# Exercise instructions
Reproduced exactly, the lines from the start of the material through the line containing "Детали: круглый вырез;" should be the whole answer, with pictures excluded.

# The data
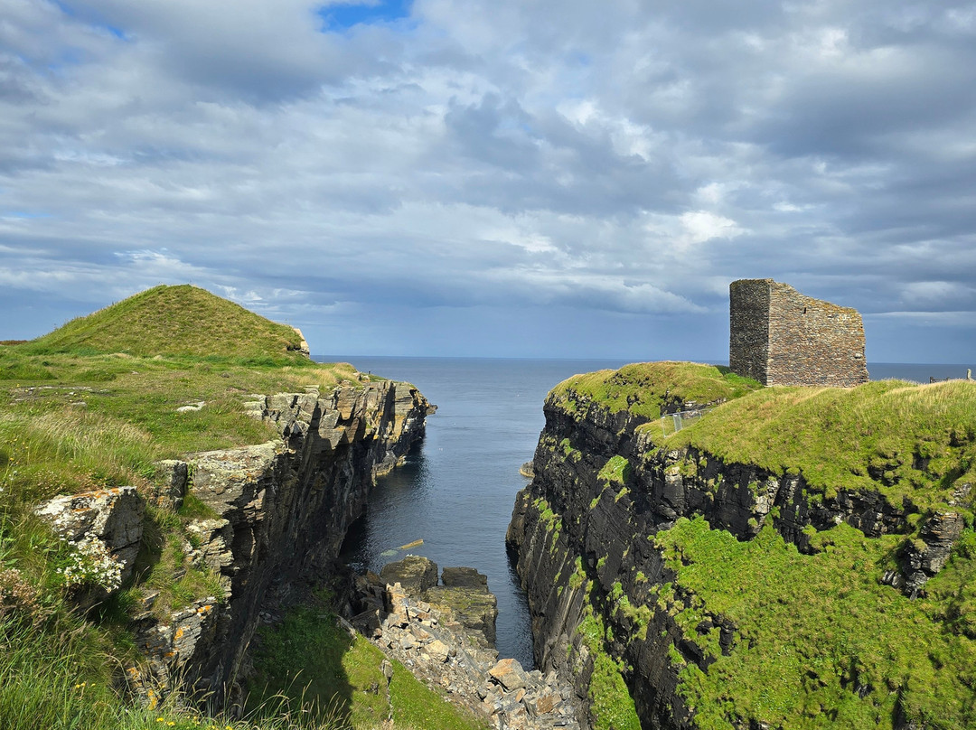 城堡的确切起源已不可考,但据推测大约在14世纪后期。遗址坐落在岩石山脊上。这里曾经有一座吊桥,但早已不复存在,四层塔楼的大部分也已倒塌。目前,遗址已被围起来,禁止通行。但你仍然可以欣赏到遗址的美景——当它还屹立在那里时,想必一定非常壮观。就在海岸边,眺望大海。
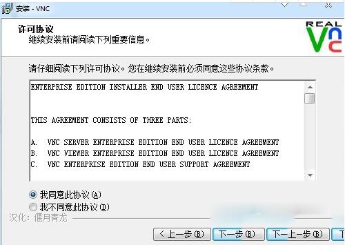 2、开始安装后进入到RealVNC(WinVNC)安装协议界面,请在该页了解协议内容并同意。
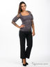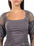 Детали: круглый вырез; рукава 3/4 декорированы тонкой сетчатой тканью; изделие декорировано выточками со сборками; по бокам вставлена резинка
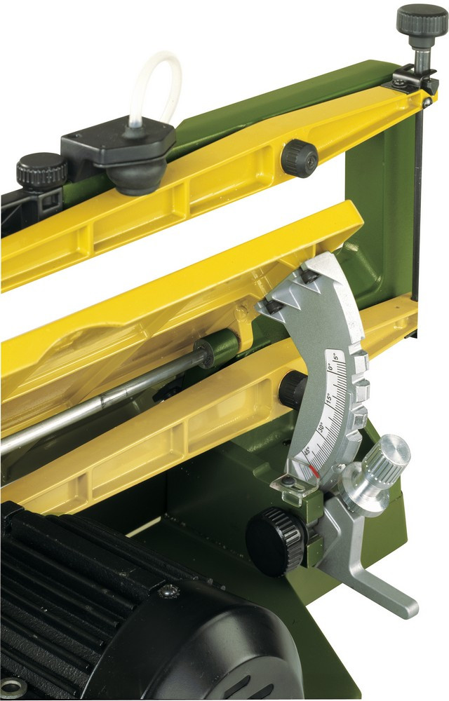 Opatentowane ogniwa zaciskowe zapewniające dobre mocowanie brzeszczotu bez użycia kołków. Wycięcia w stole roboczym służą do umieszczania prowadnic i regulacji długości brzeszczotu piły. Stół można pochylić w zakresie od -5° do 50°. Skale: 0°, 10°, 20°, 30° i 45°. Dodatkowa precyzyjna regulacja do cięć ukośnych i kątowych.
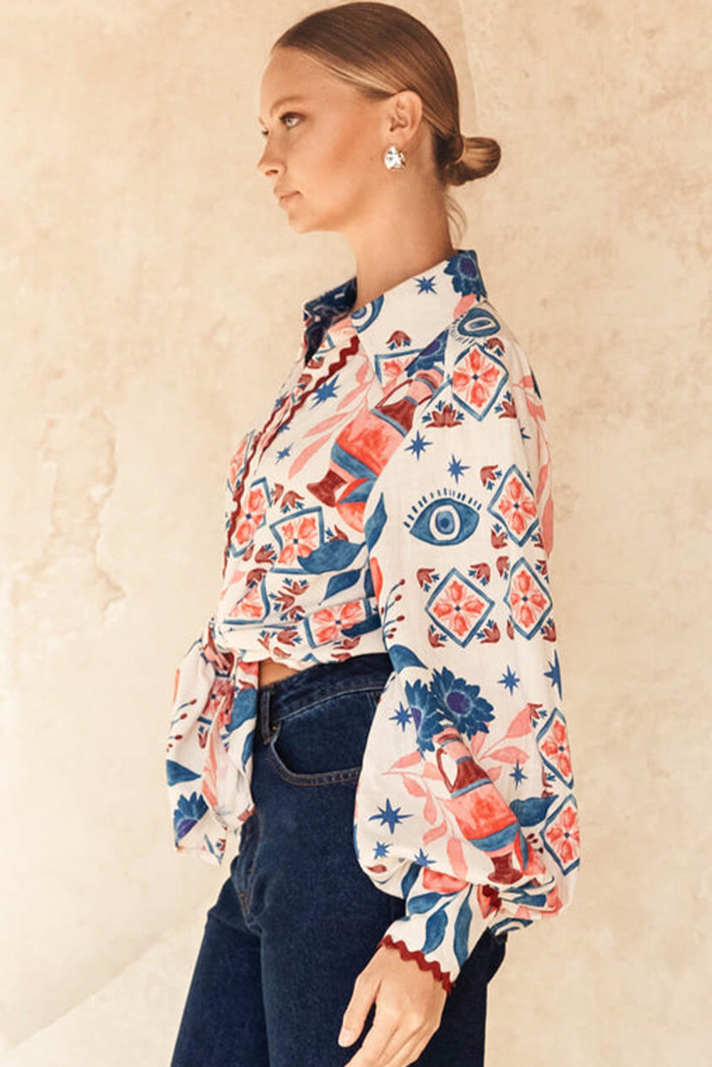 Western Bishop Sleeve Button Up Shirt with Scalloped Trim
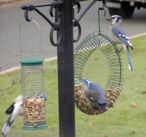 One treat the last few days has been seeing the birds that are visiting the feeders. I’ve been refilling this wreath feeder with whole peanuts from the grocery store twice a week. The squirrels take a fair number of the peanuts, but I discovered that there’s also a small gang of blue jays tha
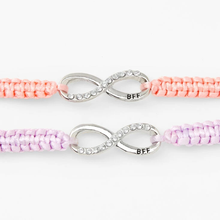 Coordinate with your bestie this spring with this pair of friendship bracelets! Set includes two silver-tone infinity symbol statement bracelets featuring pink and purple adjustable bands.
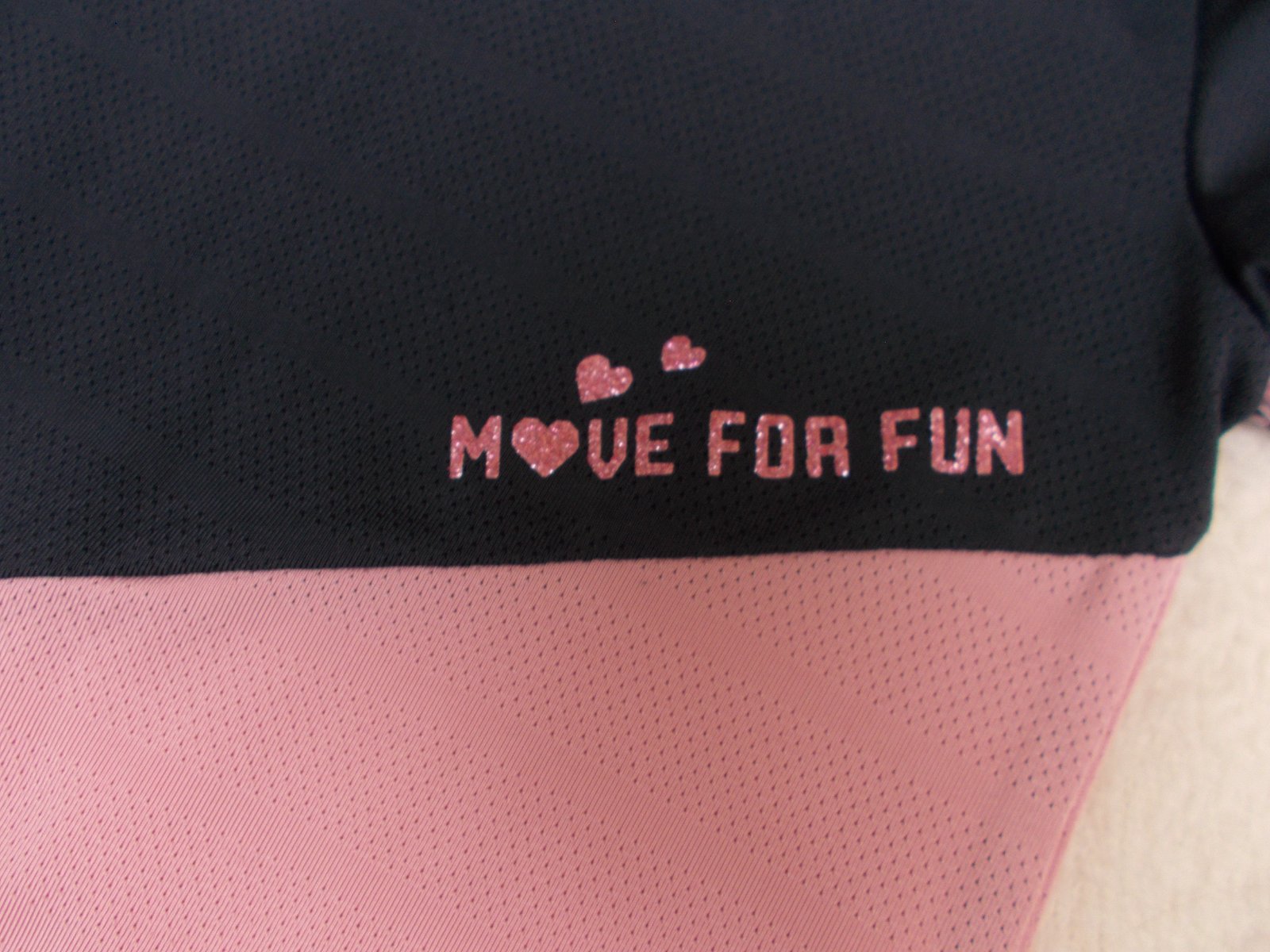 Krásné sportovní triko z funkčního materiálu v růžovo-šedé barevné kombinaci, třpytivý nápis Move for fun.
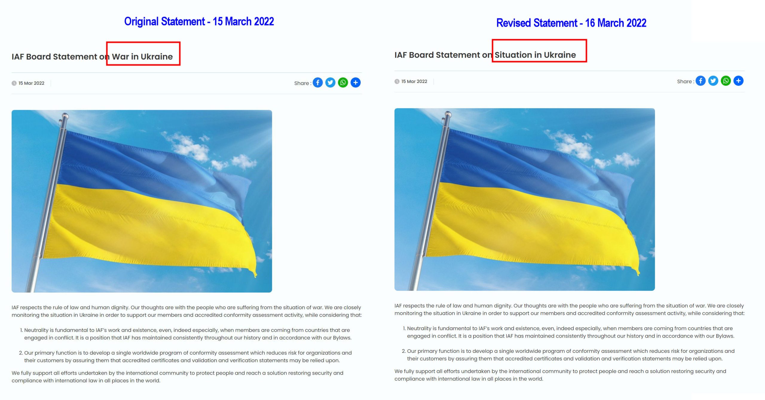 IAF respects the rule of law and human dignity. Our thoughts are with the people who are suffering from the situation of war. We are closely monitoring the situation in Ukraine in order to support our members and accredited conformity assessment activity, while considering that:
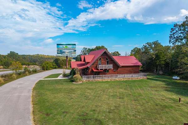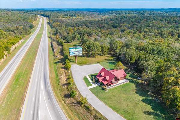 BRING YOUR IMAGINATION! Discover 19.6 unrestricted ac m/l with over 2,200 feet of prime frontage on Hwy 62/412 Bypass (12,000 traffic count), the perfect location for endless commercial possibilities. Property also offers access from Golden Star Lane off Hwy 5 S. A 4-panel billboard is included to market your future business -- excellent exposure in a high-traffic area! ARDOT traffic count 12,000.The property features a custom-built 2,536 sq. ft. log home, currently operating as a successful AirBnB. Inside, you'll find an open floor plan with vaulted ceilings, a stunning stone gas-log fireplace, and a spacious kitchen and dining area ideal for entertaining. The main level includes a large master suite with private bath, a bonus room, and half bath. Upstairs offers a second bedroom, full bath, and loft set up as an additional sleeping area. Use the log home as your primary residence, continue as an income-producing AirBnB, or develop the remaining acreage -- the possibilities are endless!
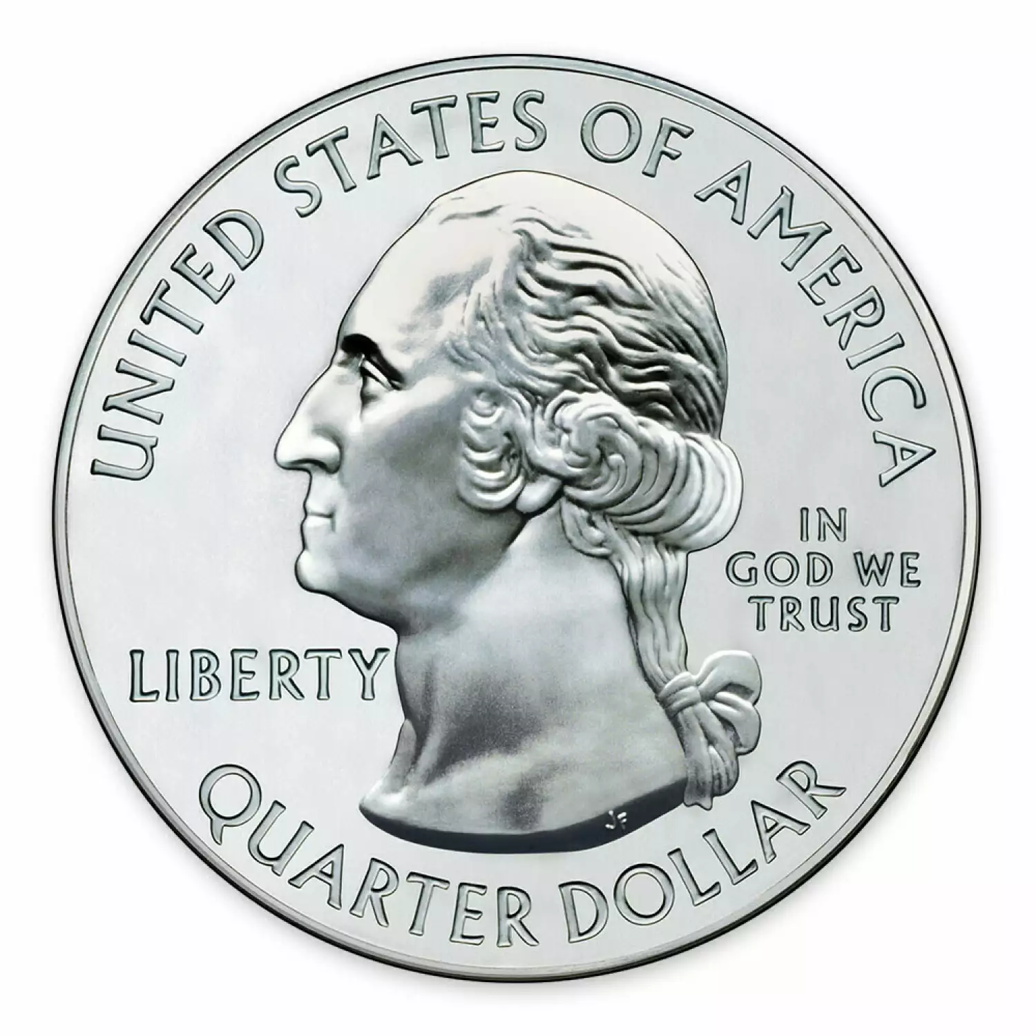 The obverse carries the familiar coin portrait of George Washington - the portrait featured on current Washington quarter
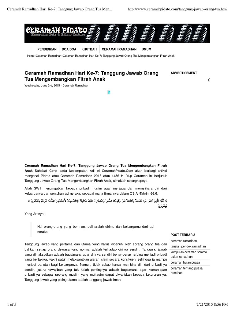 Ceramah Ramadhan Hari Ke-7_ Tanggung Jawab Orang Tua …
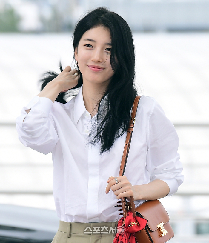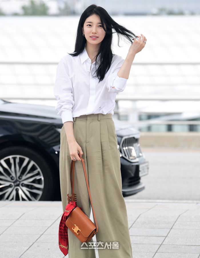 이날 수지는 자신의 도자기 피부와 일부러 매치시키 듯 투명할 정도의 화이트 셔츠를 입었고, 하의는 베이지 색상의 여유가 넘치는 와이드 팬츠를 입어 세련되면서 편한 느낌의 ‘레이디룩’을 선사했다.
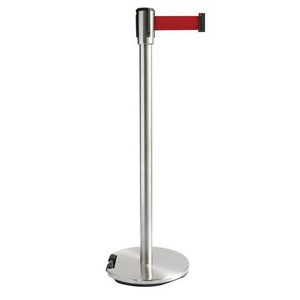 Verchroomde paal met band 2 m, Gebruiksomgeving: Binnen, Band kleur: Rood, Band lengte: 2 m, Gebruik: Indoor goederenbehandeling, Kleur paaltje: Zilver, Type product: Sokkel met wielen, Sokkel Ø: 350 mm, Koord breedte: 48 mm, Totale hoogte paal: 1000 mm, Type paal: Met band, Paal afwerking: Verchroomd, Paal materiaal: Staal, Band materiaal: Polyester, Totale diameter paal: 65 mm
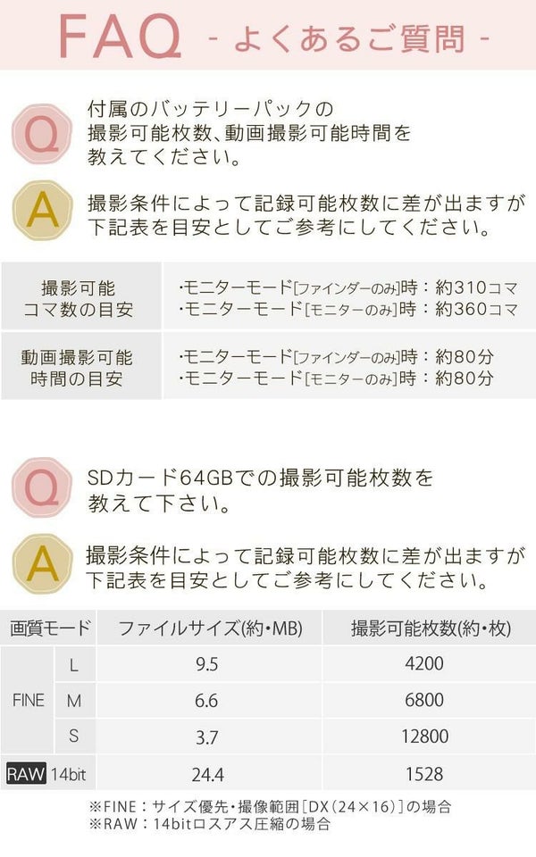 ・JPEG:JPEG-Baseline準拠、圧縮率(約):FINE(1/4)、NORMAL(1/8)、BASIC(1/16)
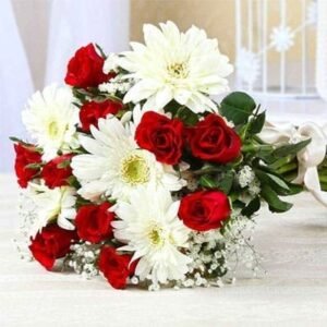 - An Assortment of 12 Red Roses and 6 White Gerberas.
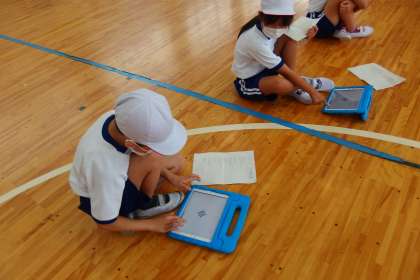 運動会の表現の準備、練習のために、体育館にタブレットを持参しています。
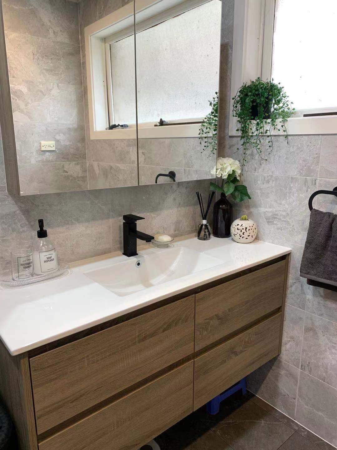 The KRIS 1200mm bathroom vanity in Caribbean Oak Grey by Arova is seriously beautiful and practical. This high quality vanity unit instantly uplifts the bathroom look by adding a sense of warmth and luxury. Kris wall mounted vanities comes with ultra wear textured surface in grey oak. Kris 1200mm timber vanity comes with a single centre basin configuration. You also have the option of an offset single basin mounted on the left or right hand side on our engineered stone top. Kris bathroom cabinets are designed with full extension drawers to ensure easy access. The top drawers are fitted with dividers for organising cosmetics and every day consumables. The bottom drawers allow large items that may not be required day to day.

# Solved exercise
 城堡的确切起源已不可考,但据推测大约在14世纪后期。遗址坐落在岩石山脊上。这里曾经有一座吊桥,但早已不复存在,四层塔楼的大部分也已倒塌。目前,遗址已被围起来,禁止通行。但你仍然可以欣赏到遗址的美景——当它还屹立在那里时,想必一定非常壮观。就在海岸边,眺望大海。
 2、开始安装后进入到RealVNC(WinVNC)安装协议界面,请在该页了解协议内容并同意。
 Детали: круглый вырез; рукава 3/4 декорированы тонкой сетчатой тканью; изделие декорировано выточками со сборками; по бокам вставлена резинка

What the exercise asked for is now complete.